Record set:

= Beginning of Section =

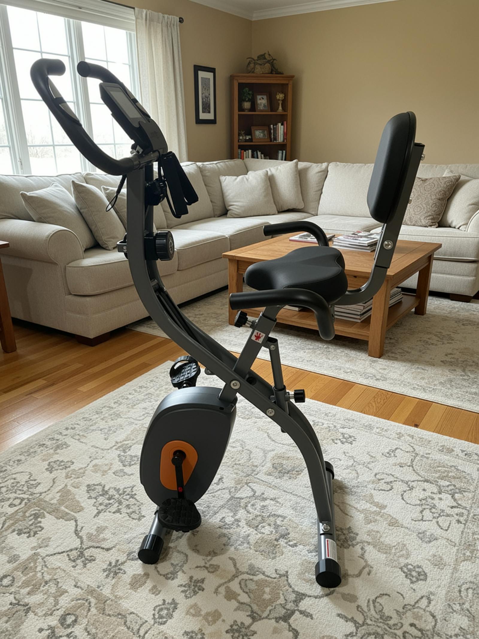 The Home Folding Exercise Bike is perfect for small living rooms as it doesn't take up much space. When not in use, it can be folded up completely for storage in minimal space. The home exercise bike comes with transport wheels that make it easy to move this 4-in-1 exercise bike from one room to another.
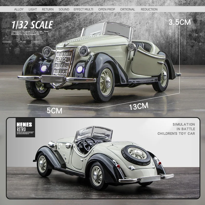 - Designed to a 1:32 scale, it provides intricate details like a vertically slatted grille, round headlights, and curved fenders that replicate the iconic Wanderer W25K accurately.
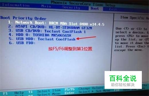 然后在这一栏下,我们将“USB DVD”一栏移动到第一栏,然后保存设置之后,重启一下电脑。
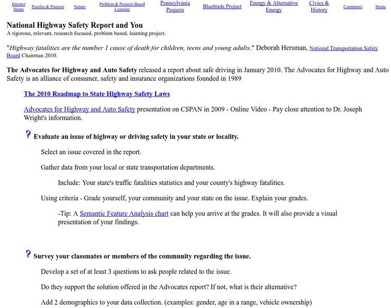 Look over resources with car accident reports, highway safety data, etc. Students will evaluate a local issue of road safety and build a report based on the researched data.
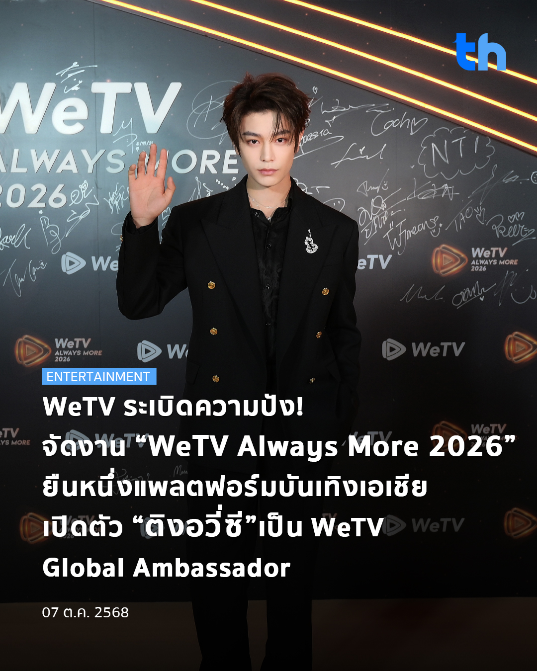 WeTV ประเทศไทยจัดงานสุดยิ่งใหญ่ส่งท้ายปี “WeTV Always More 2026” เปิดตัว “ติงอวี่ซี” (Ding Yuxi) ซูเปอร์สตาร์หนุ่มสุดฮอตจากประเทศจีน ในฐานะโกลบอลแอมบาสเดอร์คนล่าสุดของ WeTV พร้อมประกาศไลน์อัปคอนเทนต์สุดปังทั้งไทยและจีนเสิร์ฟความบันเทิงแบบครบรสจัดเต็มส่งท้ายปี 2025 ต้อนรับปี 2026 นับเป็นปรากฏการณ์สุดยิ่งใหญ่แห่งปี กับการรวมตัวของศิลปิน-นักแสดงชื่อดังกว่า 80 ชีวิต ที่ตบเท้ามาร่วมเฉิดฉายบนพรมส้ม อาทิ เก่ง หฤษฎ์, น้ำปิง นภัสกร, โทมัส ธีร์ทัศน์,ก้อง ก้องภพ, จิมมี่ กานต์, โอม กฤต จาก DOMUNDI มาร์คจิ จิรันธนิน, โอม ฐิติวัฒน์,ปูน มิตรภักดี จาก GMMTV มาย ภาคภูมิ, สน ยุกต์, ยูโร ยศวรรธน์ จาก Be On Cloud, หยิ่น อานันท์, วอร์ วนรัตน์ จาก ARGENTIS เอนจอย ธิดารัตน์, จูน ณัณณิริณ จาก COPY A BANGKOK พร้อมคู่จิ้นตัวท็อป และนักแสดงแถวหน้า แม็กกี้ รชต, บาส หัสณัฐ, อัพ ภูมิพัฒน์, ภูมิ ภูริพันธ์, ฟอร์ด ฐิติพงศ์, พีท วสุธร, เก้า สุภัสสรา, เต้ย พงศกร, คริส หอวัง, รัศมีแข, ธามไท, บูม รวีวิชญ์ และศิลปิน จาก HEADLINER Thailand ที่มาร่วมสร้างสีสันและมอบเซอร์ไพรส์สุดพิเศษให้กับแฟนๆ ได้กรี๊ดกันอย่างสุดเสียง ณ ยูเนียนฮอลล์ 1 ศูนย์การค้ายูเนียนมอลล์
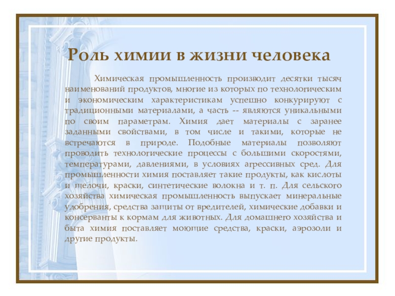 производит десятки тысяч наименований продуктов, многие из которых по технологическим и экономическим характеристикам успешно конкурируют с традиционными материалами, а часть -- являются уникальными по своим параметрам. Химия дает материалы с заранее заданными свойствами, в том числе и такими, которые не встречаются в природе. Подобные материалы позволяют проводить технологические процессы с большими скоростями, температурами, давлениями, в условиях агрессивных сред. Для промышленности химия поставляет такие продукты, как кислоты и щелочи, краски, синтетические волокна и т. п. Для сельского хозяйства химическая промышленность выпускает минеральные удобрения, средства защиты от вредителей, химические добавки и консерванты к кормам для животных. Для домашнего хозяйства и быта химия поставляет моющие средства, краски, аэрозоли и другие продукты.
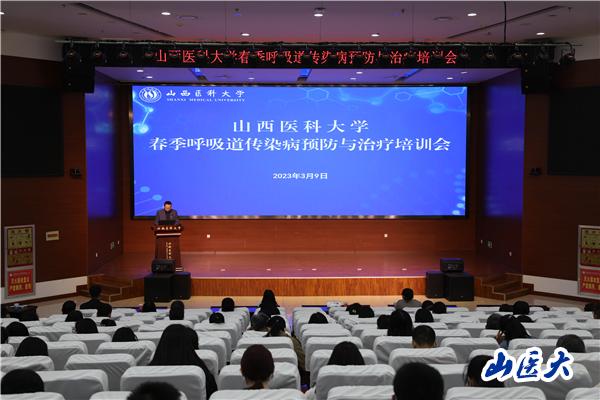 為切實(shí)做好學(xué)校春季呼吸道傳染病防控工作,有效預(yù)防與控制春季呼吸道傳染病的發(fā)生和流行, 3月9日上午,學(xué)校在中都校區(qū)教學(xué)辦公樓一層學(xué)術(shù)報(bào)告廳舉辦了春季呼吸道傳染病預(yù)防與治療培訓(xùn)會(huì),特邀太原市疾病預(yù)防控制中心傳染病防制科科長(zhǎng)韓婷、第一醫(yī)院呼吸與危重癥醫(yī)學(xué)科主任醫(yī)師李冬艷作專題講座。會(huì)議由黨委辦公室、校長(zhǎng)辦公室主任趙良淵主持,學(xué)校相關(guān)部門負(fù)責(zé)人、全體輔導(dǎo)員、校醫(yī)院工作人員和部分學(xué)生代表等120余名師生參加了此次培訓(xùn)。
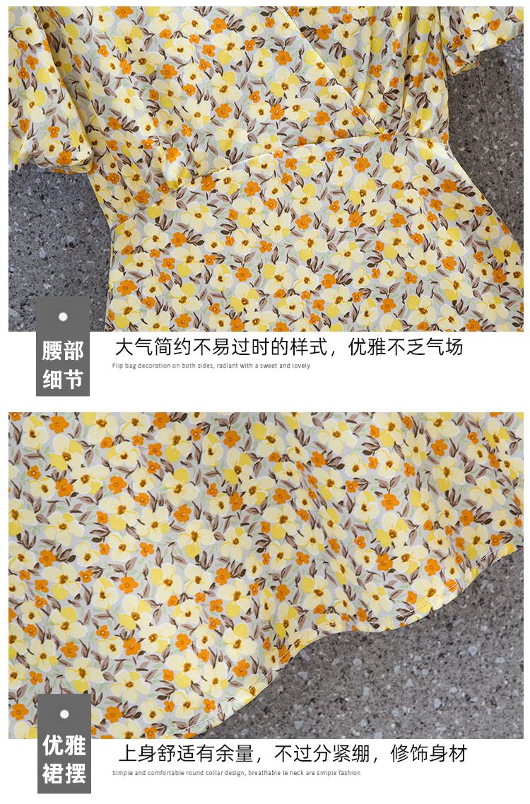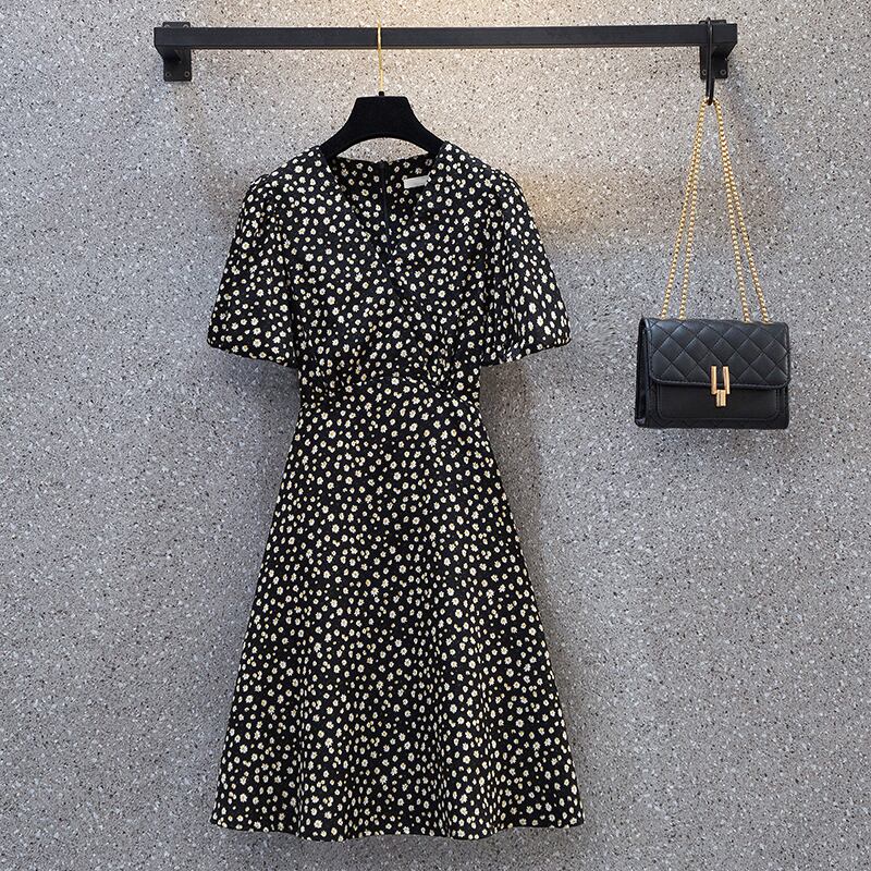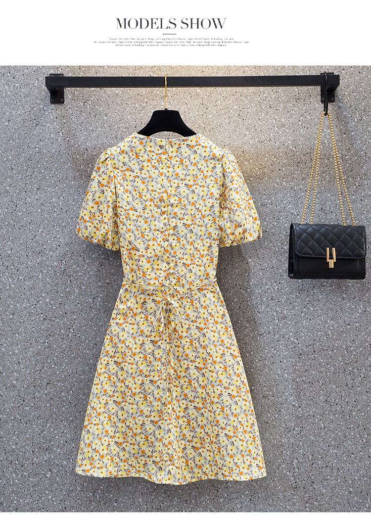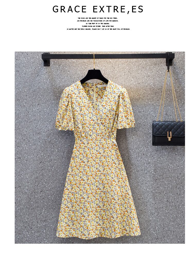 プラスサイズの婦人服 2023 夏の新しいファットシスター気質花 V ネックウエスト痩身フレンチドレス女性 大きめサイズ サマー 夏物 花柄 Vネック 8884189770696345
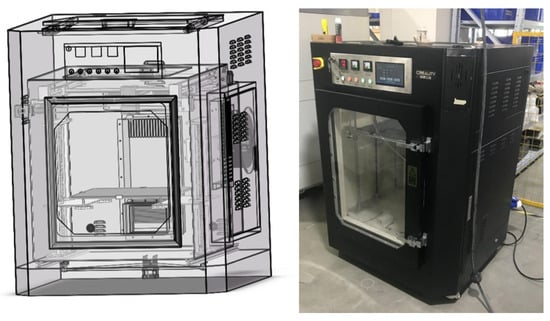Among the many 3D printing technologies, fused deposition modeling (FDM) is one of the most rapidly developed and widely used technologies which not only has the general advantages of 3D printing technologies, but also has its own advantages such as low equipment manufacturing cost, simple technical principles, and pollution-free green manufacturing [1,2]. At present, the materials widely used in the FDM process are basically low-melting polymers, such as polylactic acid (PLA), acrylonitrile–butadiene–styrene (ABS), polycarbonate (PC), paraffin, etc. [3,4,5]. In recent years, special engineering plastics have been favored in the biomedical, aerospace, and defense industries and in automobile manufacturing due to their unique comprehensive properties, such as polyether ether ketone (PEEK), polyetherimide (PEI), and polyphenylene sulfide (PPS), which can work for a long time in harsh environments [6,7,8,9]. With the rapid development of science and technology, people have more complex, lightweight, and integrated requirements for the workpiece structure made of high-performance materials, and the traditional polymer processing technology cannot meet the current production requirements. FDM 3D printing technology provides a solution to this by virtue of its own characteristics, but the FDM 3D printing machines on the market are mainly suitable for the traditional low-melting-point polymer materials, and the research on the molding equipment for special engineering plastics with a high melting point and a large expansion coefficient is in the development stage. The study of the performance of the equipment and the molding process still needs to be deepened. Therefore, based on the existing FDM technology, this paper develops a high-temperature FDM 3D printing device with independent intellectual property rights, a high cost–performance ratio, and high reliability. This device can not only print high-performance special engineering plastics (such as PEEK, PEI, PPSU, etc.), but also takes into account the commonly used materials on the market (such as PLA, ABS, PC, etc.).
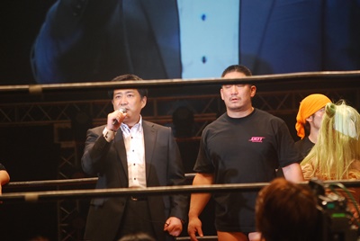 ここで高木から重大発表。なんと来年の15周年記念興行は日本武道館で行う、と(左写真)。
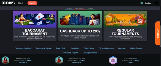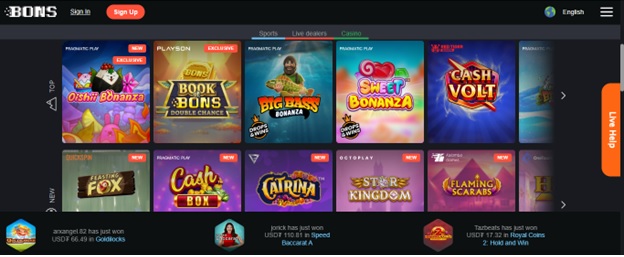 Once you have signed up and made a deposit, it is time to start playing. Bons Casino has hundreds of games, including sports gambling, so that you won’t run out of options. The best part is that Bons Casino has a 20% cashback, which means gamers can recoup some of their losses if things don’t go their way.

= End of Section =

Copy out all of the entries exactly as they stand, with no pictures in your copy.

Problem solution:
 The Home Folding Exercise Bike is perfect for small living rooms as it doesn't take up much space. When not in use, it can be folded up completely for storage in minimal space. The home exercise bike comes with transport wheels that make it easy to move this 4-in-1 exercise bike from one room to another.
 - Designed to a 1:32 scale, it provides intricate details like a vertically slatted grille, round headlights, and curved fenders that replicate the iconic Wanderer W25K accurately.
 然后在这一栏下,我们将“USB DVD”一栏移动到第一栏,然后保存设置之后,重启一下电脑。
 Look over resources with car accident reports, highway safety data, etc. Students will evaluate a local issue of road safety and build a report based on the researched data.
 WeTV ประเทศไทยจัดงานสุดยิ่งใหญ่ส่งท้ายปี “WeTV Always More 2026” เปิดตัว “ติงอวี่ซี” (Ding Yuxi) ซูเปอร์สตาร์หนุ่มสุดฮอตจากประเทศจีน ในฐานะโกลบอลแอมบาสเดอร์คนล่าสุดของ WeTV พร้อมประกาศไลน์อัปคอนเทนต์สุดปังทั้งไทยและจีนเสิร์ฟความบันเทิงแบบครบรสจัดเต็มส่งท้ายปี 2025 ต้อนรับปี 2026 นับเป็นปรากฏการณ์สุดยิ่งใหญ่แห่งปี กับการรวมตัวของศิลปิน-นักแสดงชื่อดังกว่า 80 ชีวิต ที่ตบเท้ามาร่วมเฉิดฉายบนพรมส้ม อาทิ เก่ง หฤษฎ์, น้ำปิง นภัสกร, โทมัส ธีร์ทัศน์,ก้อง ก้องภพ, จิมมี่ กานต์, โอม กฤต จาก DOMUNDI มาร์คจิ จิรันธนิน, โอม ฐิติวัฒน์,ปูน มิตรภักดี จาก GMMTV มาย ภาคภูมิ, สน ยุกต์, ยูโร ยศวรรธน์ จาก Be On Cloud, หยิ่น อานันท์, วอร์ วนรัตน์ จาก ARGENTIS เอนจอย ธิดารัตน์, จูน ณัณณิริณ จาก COPY A BANGKOK พร้อมคู่จิ้นตัวท็อป และนักแสดงแถวหน้า แม็กกี้ รชต, บาส หัสณัฐ, อัพ ภูมิพัฒน์, ภูมิ ภูริพันธ์, ฟอร์ด ฐิติพงศ์, พีท วสุธร, เก้า สุภัสสรา, เต้ย พงศกร, คริส หอวัง, รัศมีแข, ธามไท, บูม รวีวิชญ์ และศิลปิน จาก HEADLINER Thailand ที่มาร่วมสร้างสีสันและมอบเซอร์ไพรส์สุดพิเศษให้กับแฟนๆ ได้กรี๊ดกันอย่างสุดเสียง ณ ยูเนียนฮอลล์ 1 ศูนย์การค้ายูเนียนมอลล์
 производит десятки тысяч наименований продуктов, многие из которых по технологическим и экономическим характеристикам успешно конкурируют с традиционными материалами, а часть -- являются уникальными по своим параметрам. Химия дает материалы с заранее заданными свойствами, в том числе и такими, которые не встречаются в природе. Подобные материалы позволяют проводить технологические процессы с большими скоростями, температурами, давлениями, в условиях агрессивных сред. Для промышленности химия поставляет такие продукты, как кислоты и щелочи, краски, синтетические волокна и т. п. Для сельского хозяйства химическая промышленность выпускает минеральные удобрения, средства защиты от вредителей, химические добавки и консерванты к кормам для животных. Для домашнего хозяйства и быта химия поставляет моющие средства, краски, аэрозоли и другие продукты.
 為切實(shí)做好學(xué)校春季呼吸道傳染病防控工作,有效預(yù)防與控制春季呼吸道傳染病的發(fā)生和流行, 3月9日上午,學(xué)校在中都校區(qū)教學(xué)辦公樓一層學(xué)術(shù)報(bào)告廳舉辦了春季呼吸道傳染病預(yù)防與治療培訓(xùn)會(huì),特邀太原市疾病預(yù)防控制中心傳染病防制科科長(zhǎng)韓婷、第一醫(yī)院呼吸與危重癥醫(yī)學(xué)科主任醫(yī)師李冬艷作專題講座。會(huì)議由黨委辦公室、校長(zhǎng)辦公室主任趙良淵主持,學(xué)校相關(guān)部門負(fù)責(zé)人、全體輔導(dǎo)員、校醫(yī)院工作人員和部分學(xué)生代表等120余名師生參加了此次培訓(xùn)。
 プラスサイズの婦人服 2023 夏の新しいファットシスター気質花 V ネックウエスト痩身フレンチドレス女性 大きめサイズ サマー 夏物 花柄 Vネック 8884189770696345
Among the many 3D printing technologies, fused deposition modeling (FDM) is one of the most rapidly developed and widely used technologies which not only has the general advantages of 3D printing technologies, but also has its own advantages such as low equipment manufacturing cost, simple technical principles, and pollution-free green manufacturing [1,2]. At present, the materials widely used in the FDM process are basically low-melting polymers, such as polylactic acid (PLA), acrylonitrile–butadiene–styrene (ABS), polycarbonate (PC), paraffin, etc. [3,4,5]. In recent years, special engineering plastics have been favored in the biomedical, aerospace, and defense industries and in automobile manufacturing due to their unique comprehensive properties, such as polyether ether ketone (PEEK), polyetherimide (PEI), and polyphenylene sulfide (PPS), which can work for a long time in harsh environments [6,7,8,9]. With the rapid development of science and technology, people have more complex, lightweight, and integrated requirements for the workpiece structure made of high-performance materials, and the traditional polymer processing technology cannot meet the current production requirements. FDM 3D printing technology provides a solution to this by virtue of its own characteristics, but the FDM 3D printing machines on the market are mainly suitable for the traditional low-melting-point polymer materials, and the research on the molding equipment for special engineering plastics with a high melting point and a large expansion coefficient is in the development stage. The study of the performance of the equipment and the molding process still needs to be deepened. Therefore, based on the existing FDM technology, this paper develops a high-temperature FDM 3D printing device with independent intellectual property rights, a high cost–performance ratio, and high reliability. This device can not only print high-performance special engineering plastics (such as PEEK, PEI, PPSU, etc.), but also takes into account the commonly used materials on the market (such as PLA, ABS, PC, etc.).
 ここで高木から重大発表。なんと来年の15周年記念興行は日本武道館で行う、と(左写真)。
 Once you have signed up and made a deposit, it is time to start playing. Bons Casino has hundreds of games, including sports gambling, so that you won’t run out of options. The best part is that Bons Casino has a 20% cashback, which means gamers can recoup some of their losses if things don’t go their way.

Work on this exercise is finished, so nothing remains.